WHAT IS REQUIRED
Print the entries exactly; no image belongs in the copy.

Items from a data source:

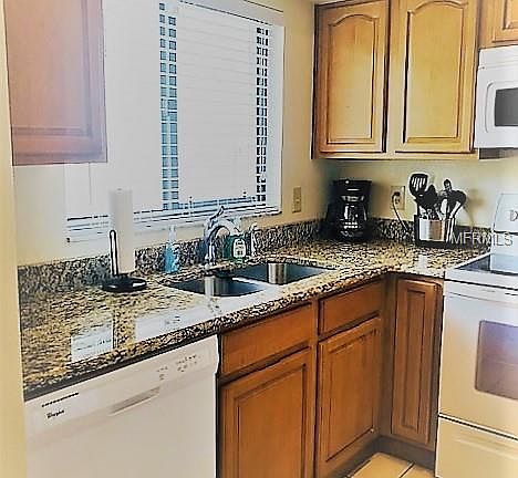 Immaculate two bedroom/two bath flat townhome. Spanish tile roof sets off this pristine home. The kitchen offers solid oak custom cabinets with granite countertops. Track lighting compliments the kitchen and draws your attention to the planters ledge that joins the kitchen and dining room. The pass through into the dining opens this space. The high volume ceilings bring depth to this area while the perfectly situated fireplace provides a warm ambience. Sliding glass doors give entrance to the porch where you will view a well landscaped area that provides a private picturesque site. The master has a large window that welcomes natural sunlight into your bedroom. With an en suite and deep closets this area is complete. The second bedroom is spacious with a large oversized window and a walk in closet. Within the home you will find decorative planters ledges in each room along with custom wood molding. The private community offers a pool that is for "residents only". The community association offers exterior maintenance, landscaping, roof, termite bond, and reserved parking. The master HOA also offers amenities for all lifestyles. Throughout the community you will find jogging paths, nature trails, four playgrounds, BBQ area with covered pavilion at the lake. Volleyball, basketball, tennis courts and two pools makes this community a perfect place for a staycation where you are transported back to nature. Clubhouse for community events and also available to rent for private events. Turn Key ready.
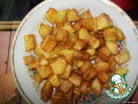 Картофель почистить, нарезать кубиками немного крупнее, чем на "Оливье" и обжарить до золотистой корочки. Лучше во фритюре, но можно и на сковородке. |
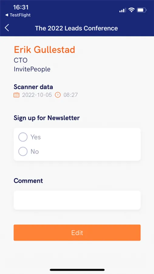 Use the InvitePeople Leads app to scan QR-codes on nametags. Make sure to collect information about the people and the potential customers you meet at the event. Create an amazing list of contacts in one place.
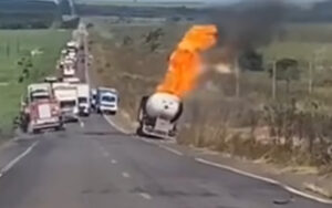 Caminhão carregado com combustível explode e deixa feridos na BR-010
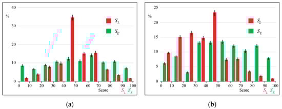The qualitative comparison between Figure 3 and Figure 4 suggested to us that we should perform a comparison between the score distribution of the two parameters ( and ) within each of the two subsets. This comparison is shown in Figure 5: part (a) compares the and distributions for the engineering subset, while part (b) shows the same comparison for the science subset. Apparently, none of the results in Figure 5 suggest that there is a correlation between the two parameters of interest ( and ). Moreover, they do not suggest a positive correlation; in fact, a careful examination of Figure 5b highlights a kind of “inversion of population” between the distributions of and : for the first parameter (red bars), the mean/low-score classes are more populated than the high-score classes, while the opposite trend can be observed for the second parameter (green bars).
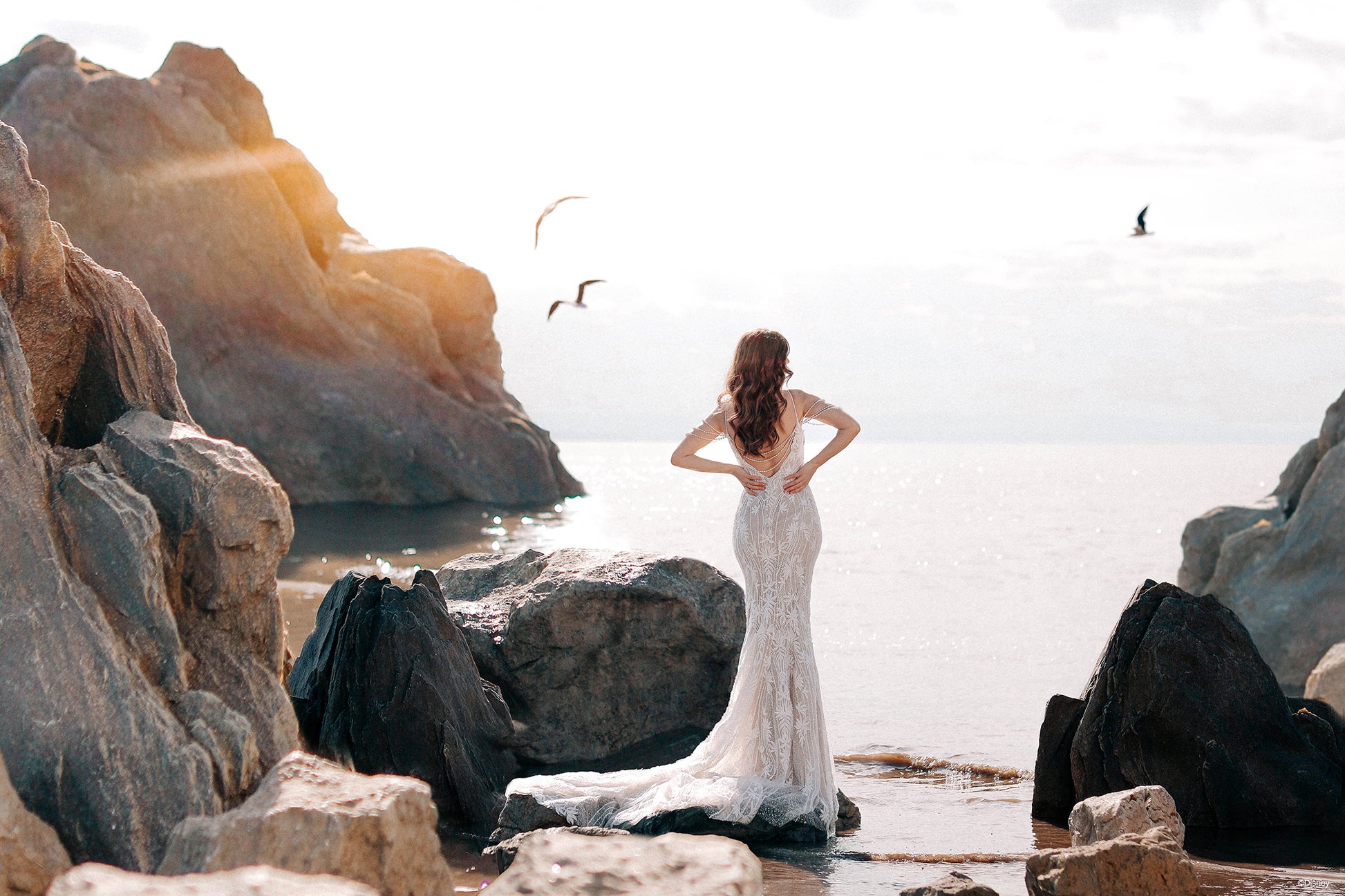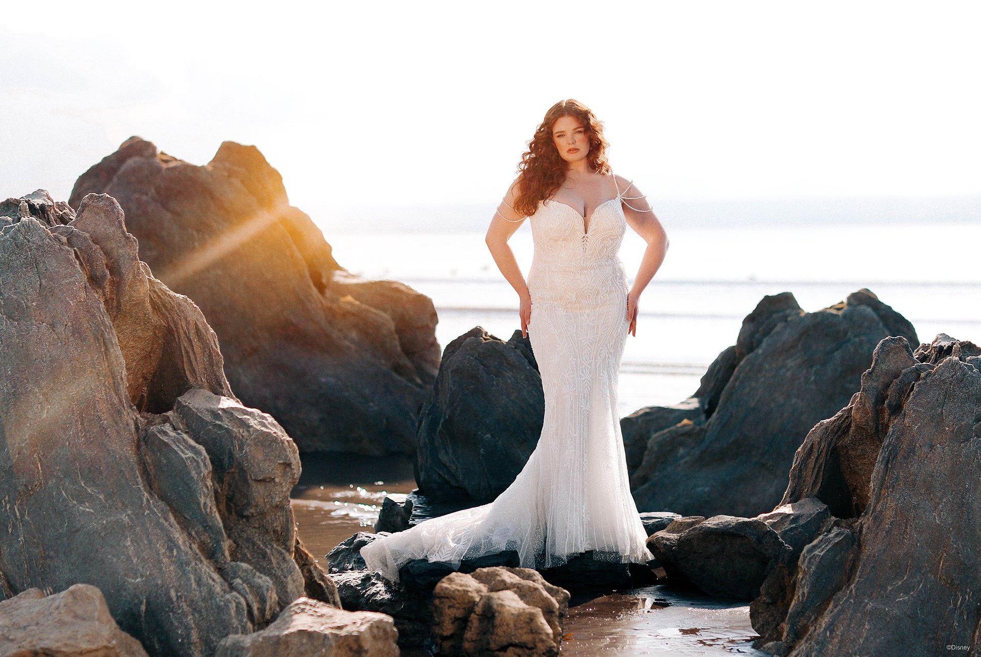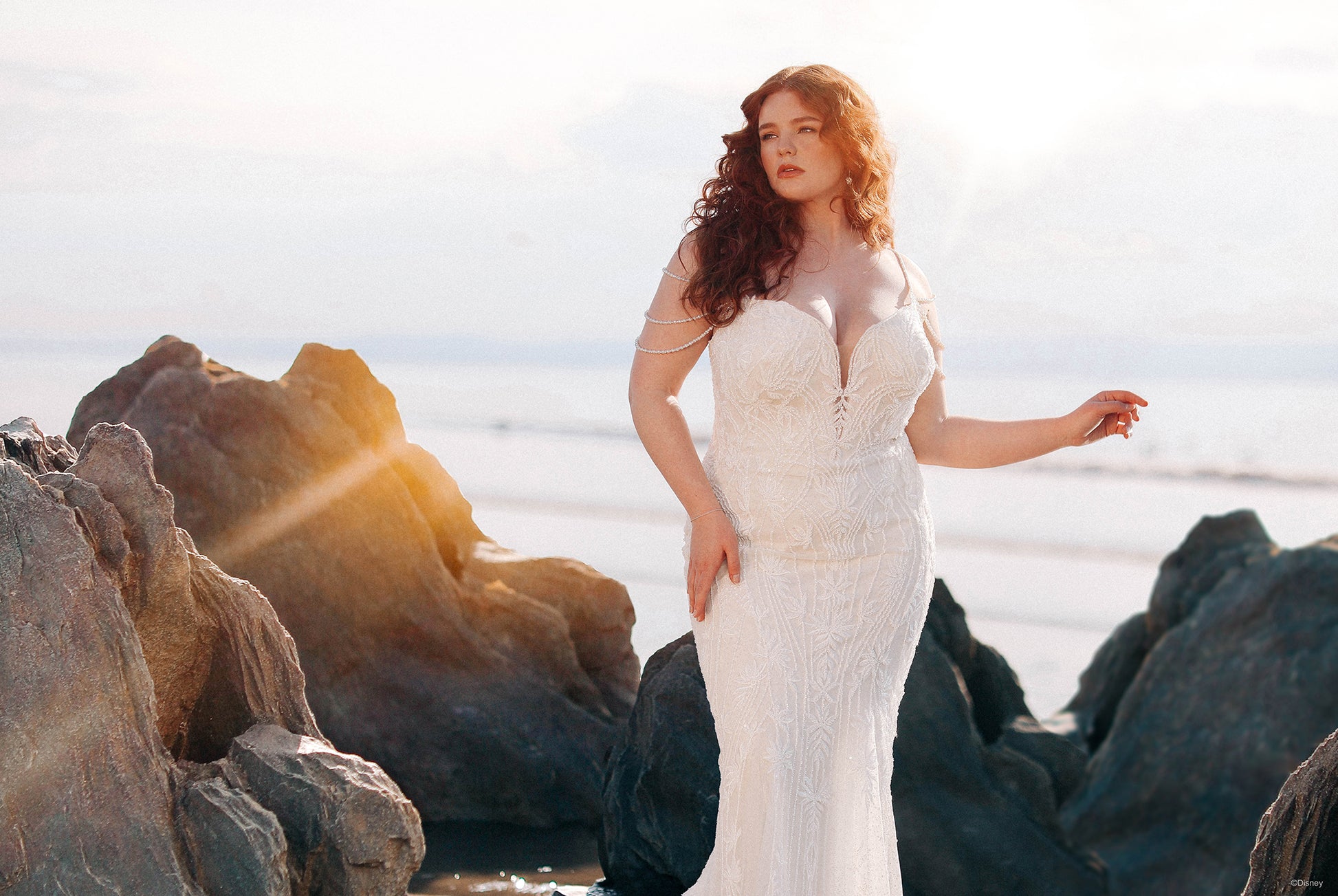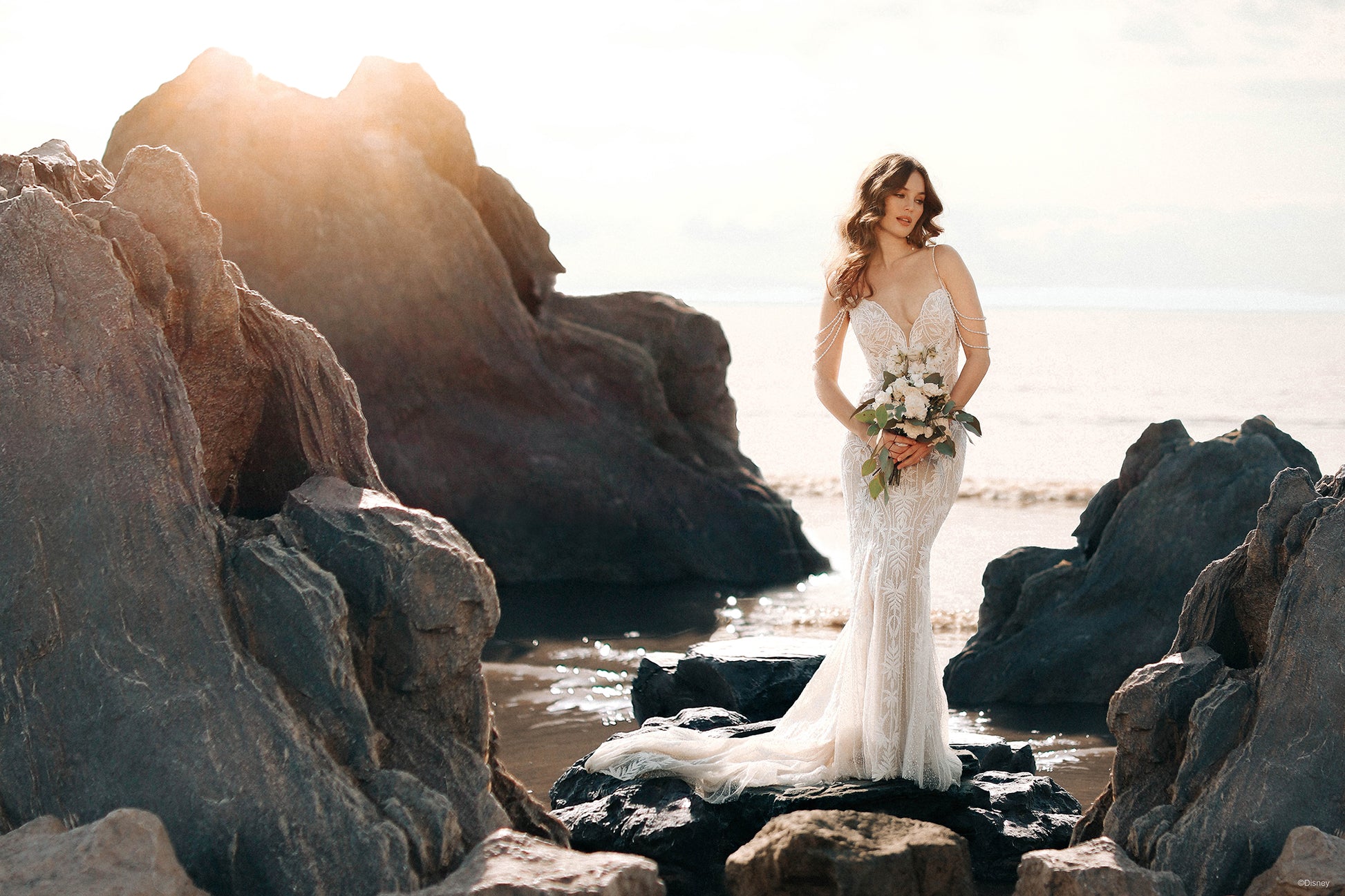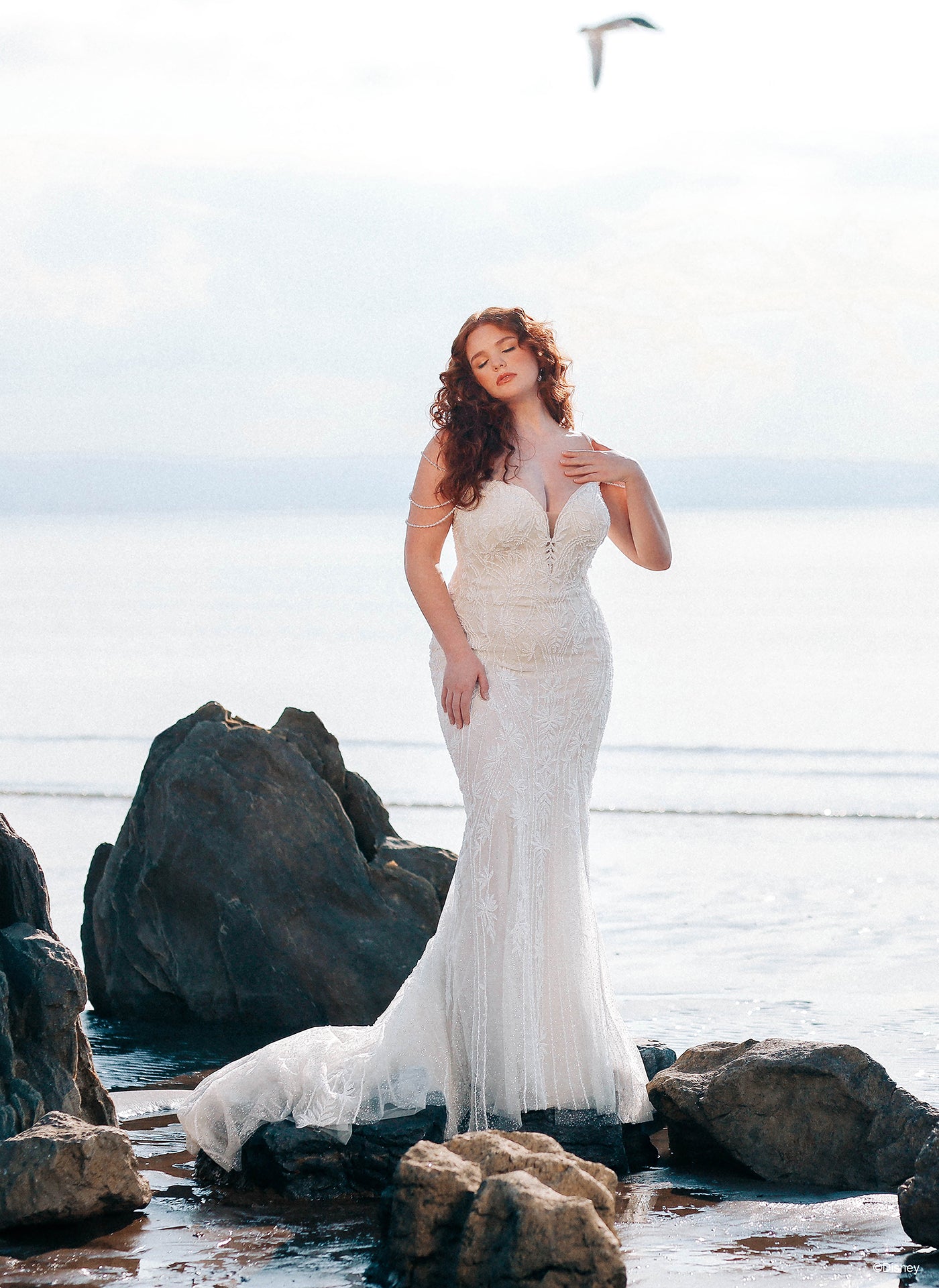 Beautiful, regal, and radiant, the DP350 Ariel dress sparkles like the morning sun illuminating the ocean waves. This Ariel Platinum gown is a beauty of a sheath silhouette with ocean-inspired pearlescent off-shoulder drape, accented by a sweetheart neckline and v-back.
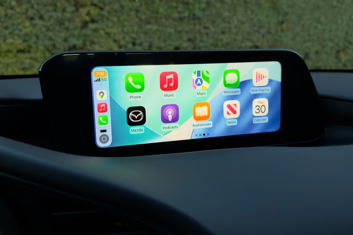 Connected in-car apps: Google POIs · Infotainment: Mazda Connect · Infotainment screen size: 8.8 in. · Smartphone integration: wireless Apple CarPlay

WORKED SOLUTION
 Immaculate two bedroom/two bath flat townhome. Spanish tile roof sets off this pristine home. The kitchen offers solid oak custom cabinets with granite countertops. Track lighting compliments the kitchen and draws your attention to the planters ledge that joins the kitchen and dining room. The pass through into the dining opens this space. The high volume ceilings bring depth to this area while the perfectly situated fireplace provides a warm ambience. Sliding glass doors give entrance to the porch where you will view a well landscaped area that provides a private picturesque site. The master has a large window that welcomes natural sunlight into your bedroom. With an en suite and deep closets this area is complete. The second bedroom is spacious with a large oversized window and a walk in closet. Within the home you will find decorative planters ledges in each room along with custom wood molding. The private community offers a pool that is for "residents only". The community association offers exterior maintenance, landscaping, roof, termite bond, and reserved parking. The master HOA also offers amenities for all lifestyles. Throughout the community you will find jogging paths, nature trails, four playgrounds, BBQ area with covered pavilion at the lake. Volleyball, basketball, tennis courts and two pools makes this community a perfect place for a staycation where you are transported back to nature. Clubhouse for community events and also available to rent for private events. Turn Key ready.
 Картофель почистить, нарезать кубиками немного крупнее, чем на "Оливье" и обжарить до золотистой корочки. Лучше во фритюре, но можно и на сковородке. |
 Use the InvitePeople Leads app to scan QR-codes on nametags. Make sure to collect information about the people and the potential customers you meet at the event. Create an amazing list of contacts in one place.
 Caminhão carregado com combustível explode e deixa feridos na BR-010
The qualitative comparison between Figure 3 and Figure 4 suggested to us that we should perform a comparison between the score distribution of the two parameters ( and ) within each of the two subsets. This comparison is shown in Figure 5: part (a) compares the and distributions for the engineering subset, while part (b) shows the same comparison for the science subset. Apparently, none of the results in Figure 5 suggest that there is a correlation between the two parameters of interest ( and ). Moreover, they do not suggest a positive correlation; in fact, a careful examination of Figure 5b highlights a kind of “inversion of population” between the distributions of and : for the first parameter (red bars), the mean/low-score classes are more populated than the high-score classes, while the opposite trend can be observed for the second parameter (green bars).
 Beautiful, regal, and radiant, the DP350 Ariel dress sparkles like the morning sun illuminating the ocean waves. This Ariel Platinum gown is a beauty of a sheath silhouette with ocean-inspired pearlescent off-shoulder drape, accented by a sweetheart neckline and v-back.
 Connected in-car apps: Google POIs · Infotainment: Mazda Connect · Infotainment screen size: 8.8 in. · Smartphone integration: wireless Apple CarPlay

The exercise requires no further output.